Daarop brabbelde het mannetje een reeks vreemde woorden, waar Billy alweer kop noch staart aan kon onderscheiden; maar toch lukte het hem ze na te zeggen en toen glipten ze achter elkaar door het sleutelgat van de voordeur en daarna door het ene sleutelgat na het andere, tot ze uitkwamen in de wijnkelder, die goed voorzien was van de beste wijnen.
Het mannetje zette het dadelijk op een drinken en Billy had er geen enkel bezwaar tegen dat voorbeeld te volgen. "Welke meester ik ook ooit nog dienen mag," zei Billy na enige tijd, "u bent stellig de beste van allemaal. Zolang u blijft zorgen dat ik meer dan genoeg te drinken krijg, zal ik met alle plezier uw knecht zijn."
"Ik heb met jou niets afgesproken," zei het mannetje, "en dat zal ik niet doen ook. Maar kom, we gaan. Volg me."
En daar gingen ze weer, door het ene sleutelgat na het andere. Ze bestegen de biezen die ze bij de voordeur hadden laten staan en zodra ze de woorden "Borram, Borram, Borram" hadden uitgesproken raasden ze alweer in volle vaart de wolken in, die als sneeuwballen uit elkaar spatten onder de paardenhoeven.
Toen ze aankwamen bij het Fort stuurde het kereltje Billy weg, maar beval hem de volgende nacht op hetzelfde uur terug te komen. En zo gingen ze er de ene nacht na de andere op uit, soms noordwaarts, soms oostwaarts en soms zuidwaarts, tot er in heel Ierland geen wijnkelder was die ze niet hadden bezocht en ze de smaak van al die wijnen beter kenden dan de butler zelf.

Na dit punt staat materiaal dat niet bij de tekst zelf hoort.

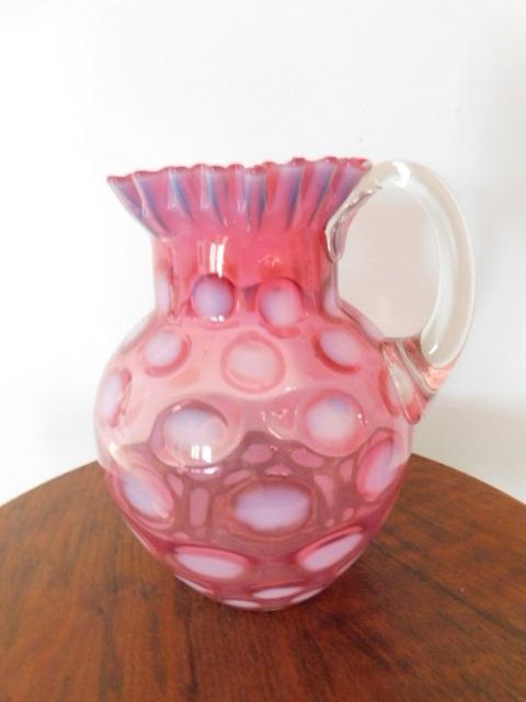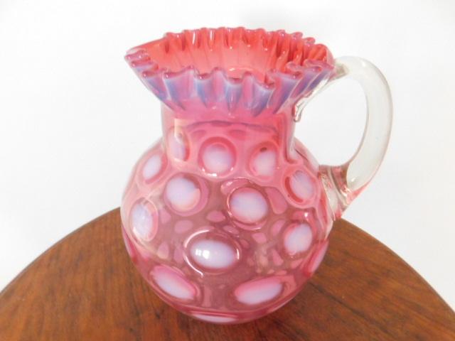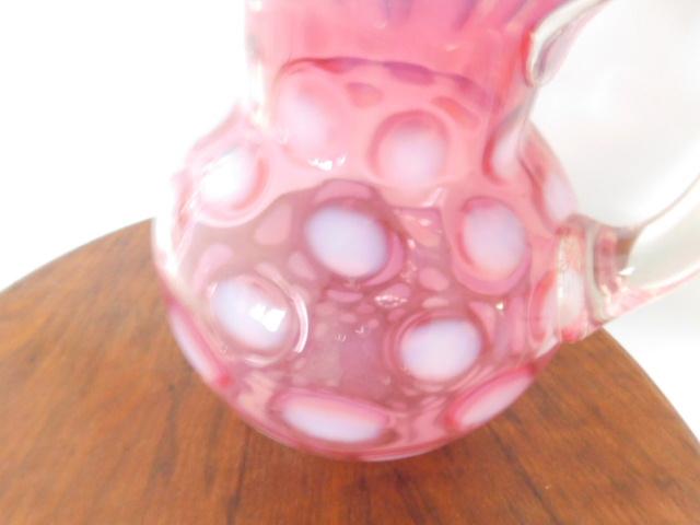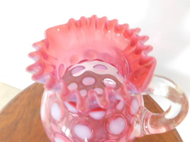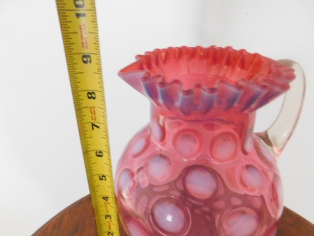 Vintage Fenton Coin Dot Ruffle Edge Cranberry Glass Pitcher

Op een avond, toen Billy Mac Daniel het mannetje als gewoonlijk bij het Elfenfort had getroffen en juist naar het moeras wilde gaan om de paarden voor hun tocht te halen, zei zijn meester: "Billy, vanavond heb ik een extra paard nodig, want het kan zijn dat we met meer gezelschap terugkomen dan we zijn vertrokken." Dus nam Billy, die intussen het vragenstellen wel had afgeleerd, een derde bies mee, zich intussen afvragend wie die reisgenoot dan wel zou kunnen zijn en of er misschien een nieuwe kracht bij zou komen.
"Als dat zo is," dacht Billy, "dan kan hij voortaan elke nacht de paarden uit het moeras gaan halen, want ik ben toch zeker ook op-en-top een heer, net zo goed als mijn meester?"

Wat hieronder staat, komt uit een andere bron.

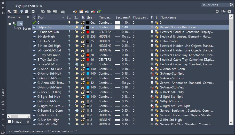 Диспетчер свойств слоев позволяет осуществлять просмотр и управление слоями в текущем чертеже.
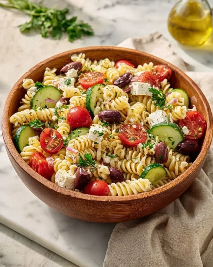 COMMENT SERVIR UNE SALADE DE PÂTES À LA GRECQUE

Welnu, Bily voerde het derde paard aan de teugel mee en ze reden in één ruk door tot ze aankwamen bij een aardige boerderij in Limerick, aan de voet van het oude slot Carrigogunniel, dat volgens sommigen door de grote Brian Boru is gebouwd. Er was een groot drinkgelag gaande in de boerenwoning en het mannetje bleef even buiten staan luisteren. Toen draaide hij zich plotseling met een ruk om en zei: "Billy, morgen word ik duizend jaar."
"God zij geprezen, heer!" zei Billy. "Heus waar?"
"Zeg zoiets niet nog eens, Billy," zei het oude mannetje, "want anders stort je me voorgoed in het ongeluk. Maar de kwestie is, Billy, nu ik morgen duizend jaar op deze wereld ben, wordt het hoog tijd dat ik eens ga trouwen."
"Dat zou ik ook denken," zei Billy, "als u tenminste ooit wil trouwen."
"En dat is de reden dat ik helemaal naar Carrigogunniel ben gekomen; want in dit huis gaat Darby Riley met Bridget Rooney trouwen, vanavond nog. Het is een lang en knap meisje, en ze is van degelijke komaf, en daarom denk ik erover om haar zelf te trouwen en haar te ontvoeren."
"En wat zal Darby Riley daar wel van zeggen?" vroeg Billy.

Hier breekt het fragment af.